Data excerpts:

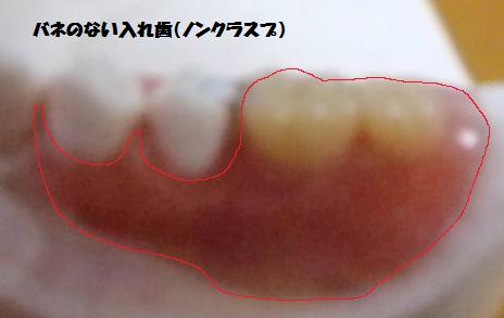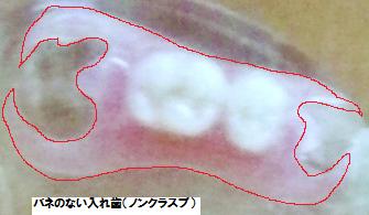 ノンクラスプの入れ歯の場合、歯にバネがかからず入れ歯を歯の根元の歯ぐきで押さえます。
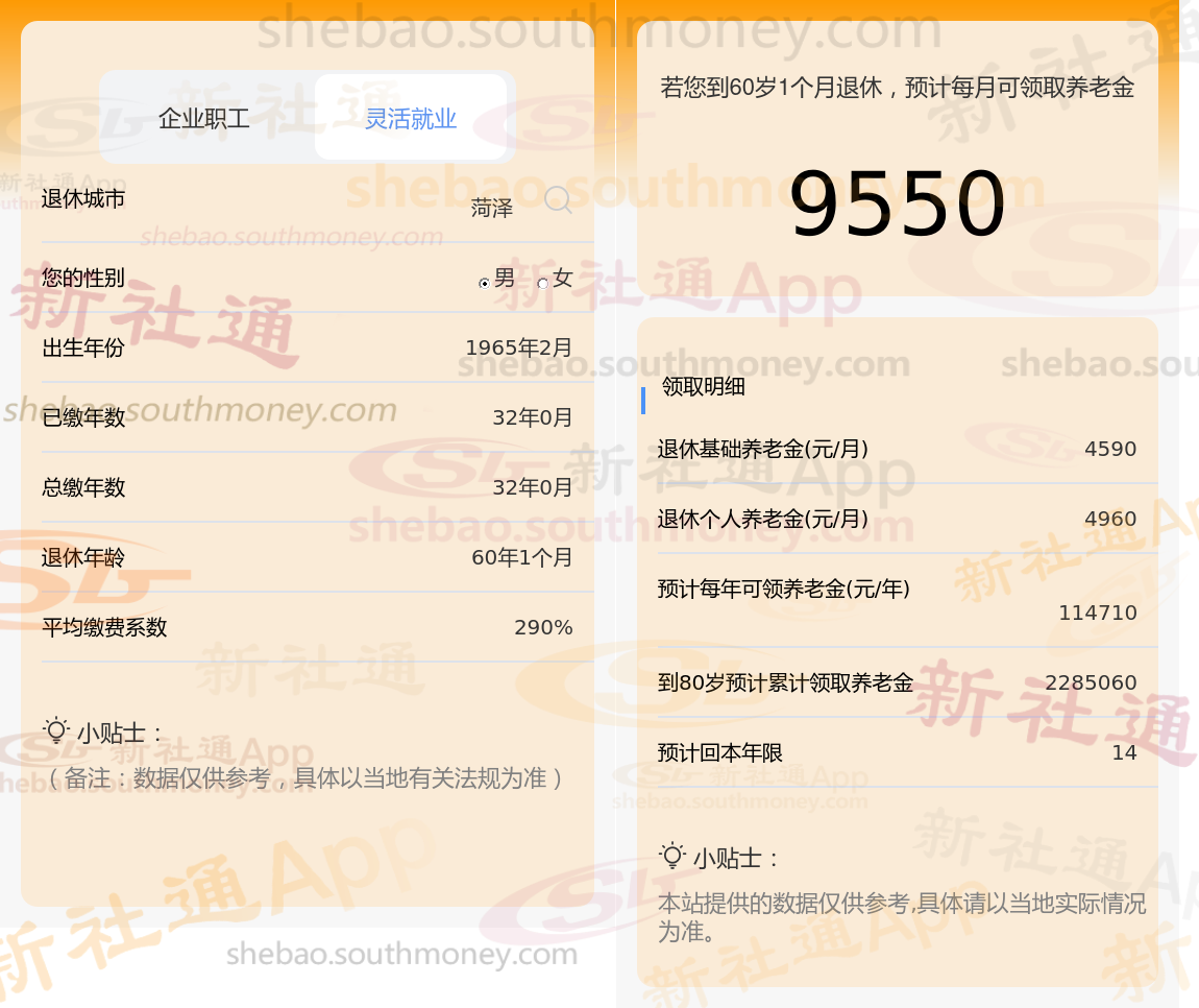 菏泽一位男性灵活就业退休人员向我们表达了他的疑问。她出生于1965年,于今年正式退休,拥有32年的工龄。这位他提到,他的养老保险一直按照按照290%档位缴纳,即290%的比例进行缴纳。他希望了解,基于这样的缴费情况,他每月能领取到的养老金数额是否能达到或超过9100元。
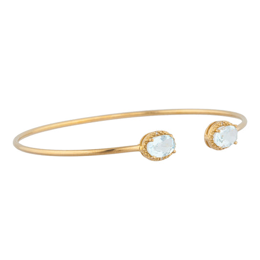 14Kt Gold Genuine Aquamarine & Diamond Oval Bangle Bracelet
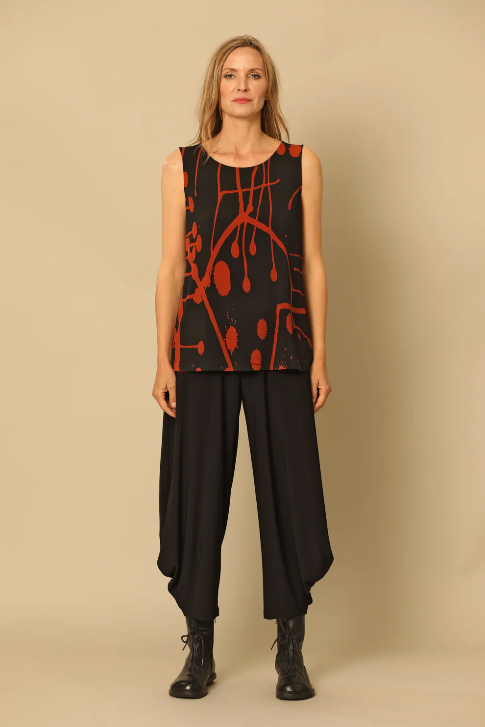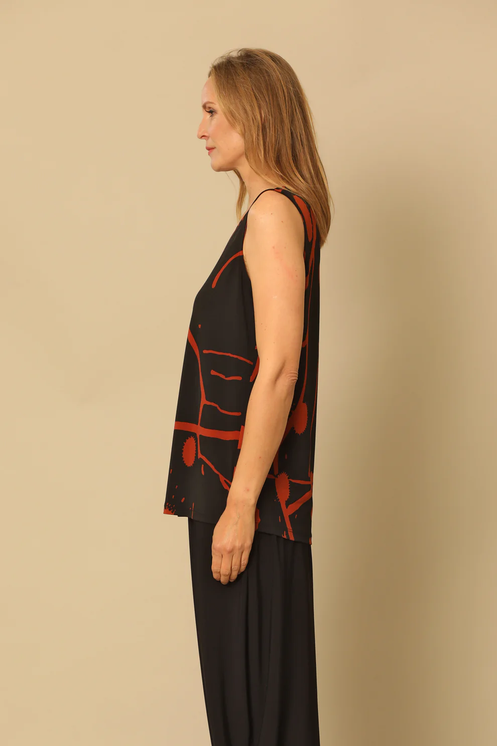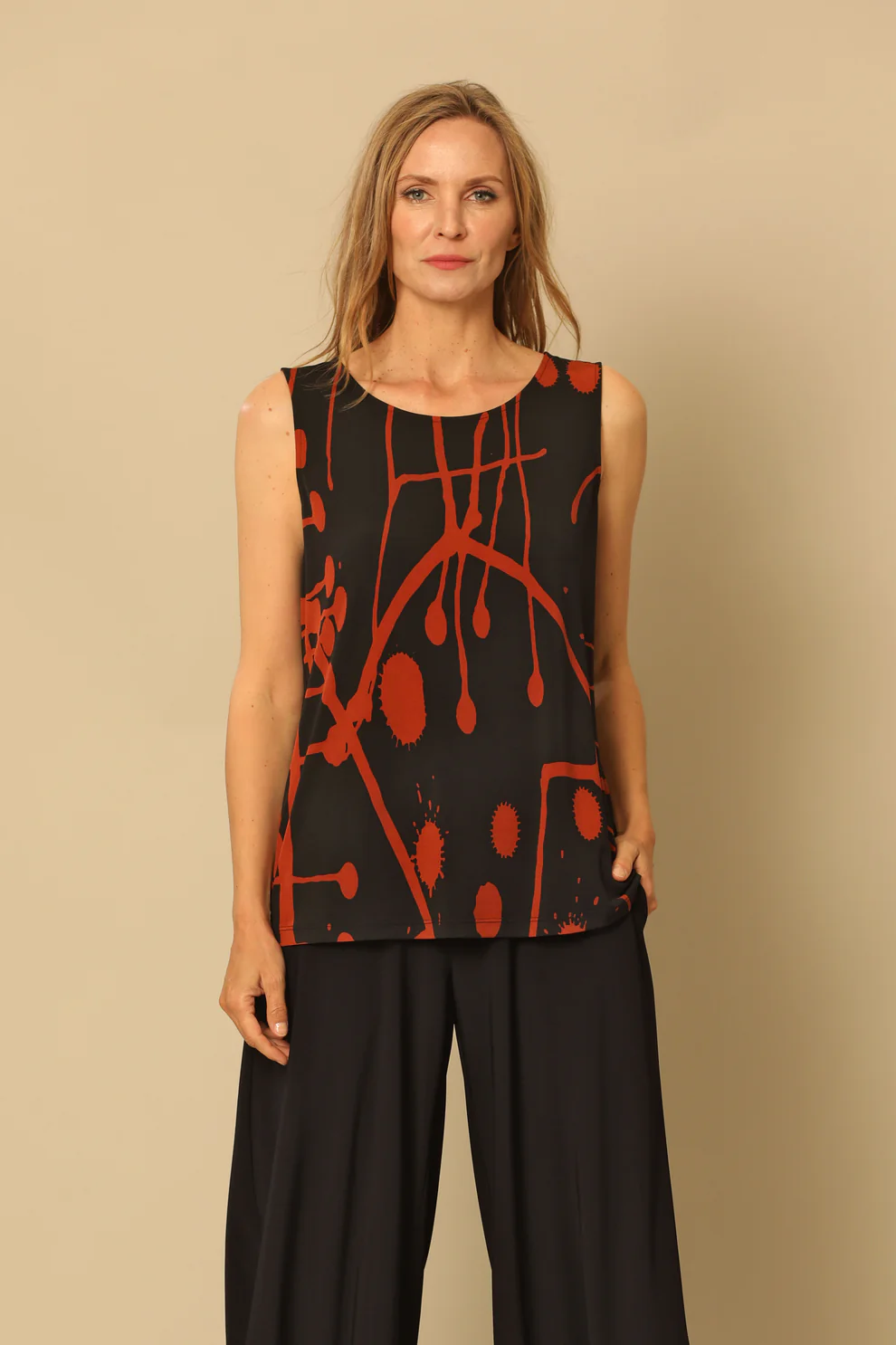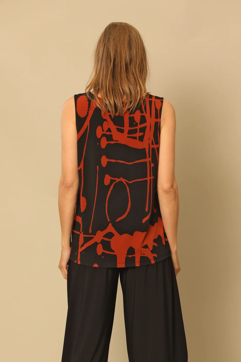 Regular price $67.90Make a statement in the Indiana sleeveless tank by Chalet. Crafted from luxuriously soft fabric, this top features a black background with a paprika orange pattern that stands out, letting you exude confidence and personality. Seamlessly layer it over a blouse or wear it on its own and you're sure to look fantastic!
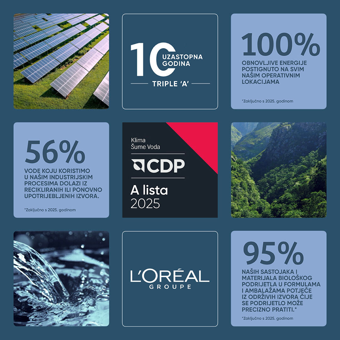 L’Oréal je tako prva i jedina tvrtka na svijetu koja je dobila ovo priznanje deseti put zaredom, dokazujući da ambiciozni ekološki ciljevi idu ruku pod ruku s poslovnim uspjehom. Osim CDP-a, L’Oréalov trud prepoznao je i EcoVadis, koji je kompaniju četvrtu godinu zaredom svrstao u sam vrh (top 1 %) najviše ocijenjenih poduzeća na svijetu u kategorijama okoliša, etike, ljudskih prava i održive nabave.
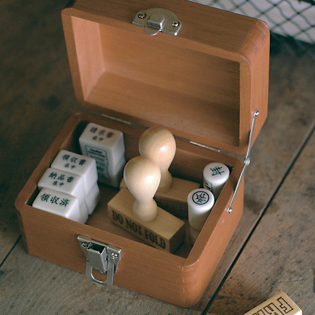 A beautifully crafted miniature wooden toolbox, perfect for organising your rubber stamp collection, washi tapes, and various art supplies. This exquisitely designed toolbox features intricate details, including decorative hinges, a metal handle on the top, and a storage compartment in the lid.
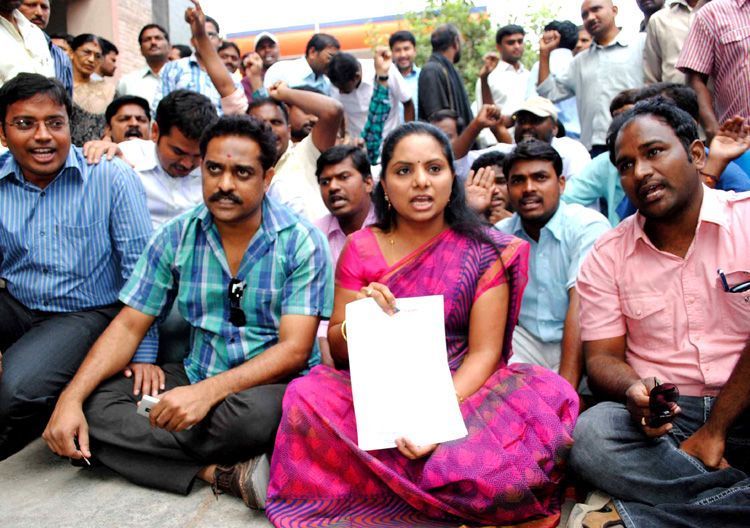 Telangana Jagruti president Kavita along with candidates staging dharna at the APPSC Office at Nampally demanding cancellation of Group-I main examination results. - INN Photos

TASK PROMPT = Could you copy the data above exactly, leaving the pictures out?

ANSWER SPACE =
 ノンクラスプの入れ歯の場合、歯にバネがかからず入れ歯を歯の根元の歯ぐきで押さえます。
 菏泽一位男性灵活就业退休人员向我们表达了他的疑问。她出生于1965年,于今年正式退休,拥有32年的工龄。这位他提到,他的养老保险一直按照按照290%档位缴纳,即290%的比例进行缴纳。他希望了解,基于这样的缴费情况,他每月能领取到的养老金数额是否能达到或超过9100元。
 14Kt Gold Genuine Aquamarine & Diamond Oval Bangle Bracelet
 Regular price $67.90Make a statement in the Indiana sleeveless tank by Chalet. Crafted from luxuriously soft fabric, this top features a black background with a paprika orange pattern that stands out, letting you exude confidence and personality. Seamlessly layer it over a blouse or wear it on its own and you're sure to look fantastic!
 L’Oréal je tako prva i jedina tvrtka na svijetu koja je dobila ovo priznanje deseti put zaredom, dokazujući da ambiciozni ekološki ciljevi idu ruku pod ruku s poslovnim uspjehom. Osim CDP-a, L’Oréalov trud prepoznao je i EcoVadis, koji je kompaniju četvrtu godinu zaredom svrstao u sam vrh (top 1 %) najviše ocijenjenih poduzeća na svijetu u kategorijama okoliša, etike, ljudskih prava i održive nabave.
 A beautifully crafted miniature wooden toolbox, perfect for organising your rubber stamp collection, washi tapes, and various art supplies. This exquisitely designed toolbox features intricate details, including decorative hinges, a metal handle on the top, and a storage compartment in the lid.
 Telangana Jagruti president Kavita along with candidates staging dharna at the APPSC Office at Nampally demanding cancellation of Group-I main examination results. - INN Photos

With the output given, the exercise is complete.